= Baptist Press =

Organization

Baptist Press (BP) is the official news service of the Southern Baptist Convention (SBC) and is headquartered in Nashville, Tennessee. Baptist Press is a ministry assignment of the executive committee of the Southern Baptist Convention.

Baptist Press is responsible for providing regular news releases about Southern Baptists, serving as the convention's press representative, and coordinating news operations for annual meetings of the Southern Baptist Convention. Baptist Press also provides news service to state Baptist papers.

== Origins ==
The service was formed at the suggestion of the editors of the state convention newspapers in 1946. Since then, it has grown into the largest religious news service in the United States, based in Nashville, Tennessee. State papers reprint stories and opinion pieces from Baptist Press to inform Baptists in the respective states about the news those editors deem significant for their readers. Recognizing its role to serve the broader evangelical community, Baptist Press seeks to carry stories and report news that is of interest to numerous like-minded evangelical readers.

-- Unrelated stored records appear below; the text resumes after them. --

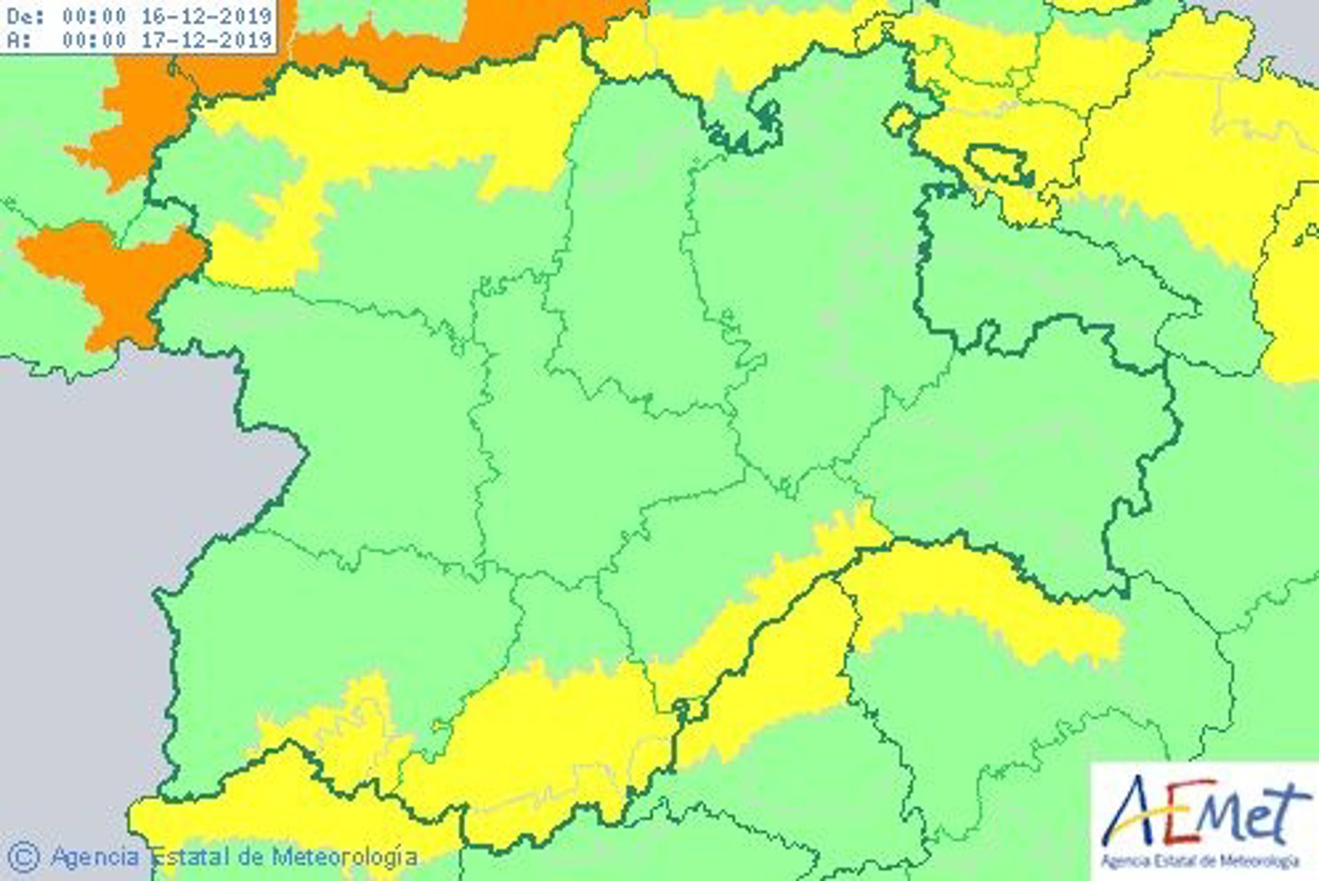 Avisos de la AEMET para este lunes, 16 de diciembre. - AEMET
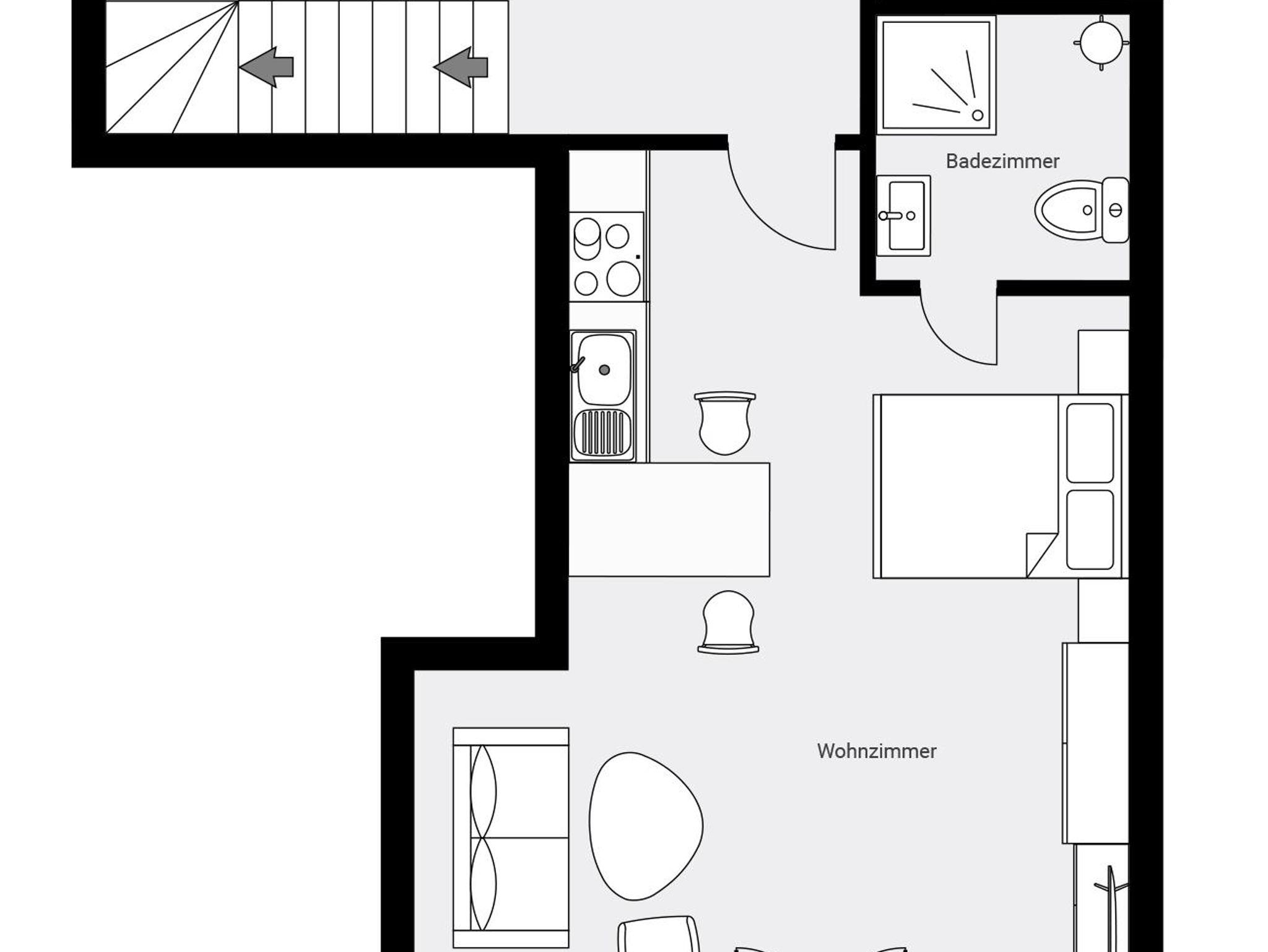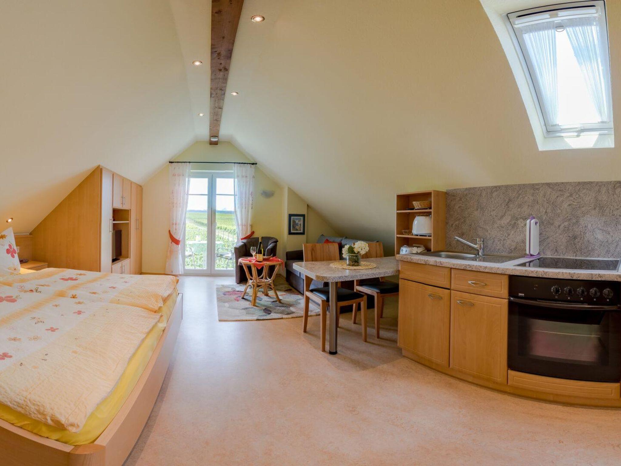 1-Zimmer-Appartment mit moderner Einbauküche, Wohnecke und Schlafnische mit Doppelbett, SAT-TV, Radio, Balkon. Haustiere nur auf Anfrage, Aufpreis pro Tag 10 €.
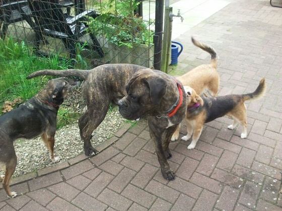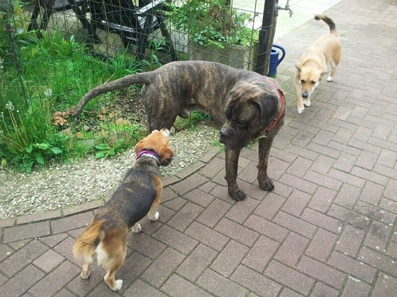 Zuerst bin ich hier in Pflege eingezogen. Ich, das Riesenbaby kam in ein schon bestehendes Rudel . Null Problemo für mich! Wir sind hier eine richtig tolle Hundegruppe , wohnen in einem Riesenhaus mit einem Riesengarten. Es ist eigentlich immer was los und ich kann spielen und toben nach Herzenslust.

Baptist Press is funded by contributions from Southern Baptists through the SBC Cooperative Program as well as through digital advertising.

== BP en Español ==
Baptist Press also provides daily and weekly news and opinion for the Hispanic Baptist community through BPEE (Baptist Press en Español), a separate webpage linked directly at baptistpress.com and linked from the front page of the BP site.

== BP Sports ==
BP Sports, formed in September 2000, was a division of Baptist Press that provided daily scores and sports features from the 56 colleges and universities affiliated with the SBC. The service also provided special features on professional athletes and coaches who use their position in sports to promote the Christian faith. The division has since been discontinued, but BP frequently provides faith stories from those involved in major sporting events such as the Olympics, the Super Bowl, the World Series, and the College Football Playoff.